Commercial construction is in high demand across the country and contractors remain optimistic about the current and forward-looking health of the sector, according to the Q3 USG Corp. + U.S. Chamber of Commerce Commercial Construction Index. Nearly all contractors surveyed this summer (95 percent) expect revenues to grow or remain stable over the next 12 months compared to the prior 12 months, nearly the same percentage as in the Q2 2017 survey. Most contractors (93 percent) also expect to see profit margins stay the same or increase in the next 12 months, reflecting contractor sentiment.
Despite contractors’ expectations for growth, access to talent continues to pose challenges in the third quarter of 2017, with 60 percent of contractors having difficulty finding skilled workers, compared to 61 percent in Q2. Nearly all contractors (91 percent) said they are concerned about the skill level of the workforce, with 66 percent of contractors in the South expressing concerns about the availability of skilled labor. The Index release comes on the heels of Hurricanes Harvey and Irma, which are expected to exacerbate existing concerns about labor shortages in the South.
“The Commercial Construction Index provides the contractor’s view of the state of the industry, which is a key driver of the U.S. economy,” says Jennifer Scanlon, president and chief executive officer of USG Corp. “This quarter’s findings reveal optimism about future prospects for the industry, and also highlight a need to address ongoing concerns about skilled labor shortages and the impact it has on building in the U.S.”
The Index looks at the results of three leading indicators to gauge confidence in the commercial construction industry – backlog levels, new business opportunities and revenue forecasts – generating a composite index on a scale of 0 to 100 that serves as an indicator of health for the contractor segment on a quarterly basis. The Q3 2017 composite index score was 73, down slightly from the second quarter’s 76, but close to the first quarter’s 74, representing a consistent sentiment of health in the sector.

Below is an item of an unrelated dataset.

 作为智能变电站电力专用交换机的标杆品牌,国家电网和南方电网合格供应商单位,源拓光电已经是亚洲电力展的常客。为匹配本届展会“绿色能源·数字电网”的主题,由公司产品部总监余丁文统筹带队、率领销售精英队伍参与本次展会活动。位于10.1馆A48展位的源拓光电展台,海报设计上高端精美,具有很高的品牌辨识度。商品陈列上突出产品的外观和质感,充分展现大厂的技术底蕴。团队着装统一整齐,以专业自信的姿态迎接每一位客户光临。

The Q3 results from the three key drivers were:
Backlog: On average, contractors currently hold 9.5 months of backlog, close to their average ideal amount of 12 months, indicating a steady market and healthy amount of booked work. This represents 77 percent of their ideal backlog levels.
New Business: More than half of contractors (54 percent) reported confidence in new business over the next 12 months (compared to 59 percent in Q2).

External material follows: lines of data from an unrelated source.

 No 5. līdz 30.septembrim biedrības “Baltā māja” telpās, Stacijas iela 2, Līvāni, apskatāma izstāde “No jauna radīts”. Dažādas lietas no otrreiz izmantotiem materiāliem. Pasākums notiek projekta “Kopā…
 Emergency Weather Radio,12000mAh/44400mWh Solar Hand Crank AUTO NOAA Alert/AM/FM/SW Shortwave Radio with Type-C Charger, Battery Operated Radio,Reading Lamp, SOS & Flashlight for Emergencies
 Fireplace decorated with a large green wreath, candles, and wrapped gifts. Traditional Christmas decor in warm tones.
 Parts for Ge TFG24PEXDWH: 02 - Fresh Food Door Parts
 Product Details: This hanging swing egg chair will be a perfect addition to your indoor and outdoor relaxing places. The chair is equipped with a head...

Revenues: The majority of contractors (67 percent) continue to expect revenues to grow or remain stable in the next year, although expectations for the rate of expected growth inched toward more modest levels (compared to 71 percent in Q2).
“The commercial construction industry employs millions of Americans and the contributions the sector makes to the U.S. economy are vital to our country’s growth,” says Thomas J. Donohue, president and CEO of the U.S. Chamber. “However, finding skilled workers remains a challenge for this industry, and it’s likely to remain a challenge in the areas affected by the recent hurricanes. Finding skilled construction workers will be essential to ensure the Gulf region is able to rebuild. Our nation must address our workforce challenges to enable the economy to grow.”
This quarter, contractors surveyed were also asked about workforce skills development after revealing insights last quarter about the difficulty in finding skilled workers. Respondents identified safety, technical proficiency, and communication as the most valued skills on the jobsite. Of note, there is a gap (40 percent) in the number of contractors who note the importance of communication skills and those who think their workers have strong skills in that area.
Just over half (53 percent) of contractors surveyed in Q3 said they plan to hire new workers, a decrease from 66 percent in Q2. This is accompanied by a 10 percent increase over last quarter in the number of contractors that plan to keep the same number of workers, indicating an anticipated shift from hiring staff to maintaining staff levels in the upcoming fall and winter months. Looking forward, only 39 percent of those surveyed in the third quarter predicted the situation will worsen, down from nearly a half (47 percent) in Q2, indicating that although there are shifts in the hiring environment, contractors believe it to be stabilizing. This situation bears monitoring in the coming months as parts of the Southern U.S. begin rebuilding from Hurricanes Harvey and Irma.